Recipe for Pemmican:
Ingredients:
- 2lbs buffalo
- ¼ dried berries
- 5 tablespoons of animal fat (melted).
Directions:
Grind and mix well all ingredients. Form into balls or strips to eat! No cooking necessary.
Like the First Nations peoples, the Métis were traditionally hunters who depended on buffalo for their way of life. They were skilled hunters and when they were not hunting buffalo, they also hunted or trapped animals like deer, moose, elk, beaver, rabbit, and fish. In addition to hunting Métis people also gathered berries and traditional plants as well as grew gardens.

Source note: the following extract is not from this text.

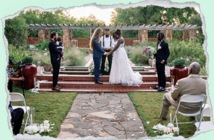
Formal Gardens T-Shaped Pond (Up to 300 Seats)

Pemmican is similar to beef jerky but is used with buffalo and berries!
The buffalo were valuable to the Métis culture, economy, and way of life. Buffalo provided meat, hides, and sinew. Some families would travel many miles in the summer and fall following herds before returning to their farms, homesteads, or wintering sites. Buffalo hunts involved hundreds of people and were highly organized.

Buffalo supported the Métis lifestyle in more ways than one

Hunting buffalo was very dangerous because of the speed the hunters had to use their guns while in a stampede of the very powerful and wild buffalo.

Red River carts were used to carry the heavy buffalo

An effective way to dry out meat is to hang thinly sliced pieces over a fire
Watch the following video to learn more about Buffalo Hunts
During the late 1870s the buffalo population almost went extinct from Europeans overhunting them. Killing the buffalo for sport was encouraged by the Canadian Government as a way to disrupt the way of life for First Nations and Métis people. The Métis, Plains First Nations, and European Canadians had to compete for what was left of the small herds to sustain their livelihood. This greatly effected the Métis way of life which led to a transition to a farming and ranching lifestyle.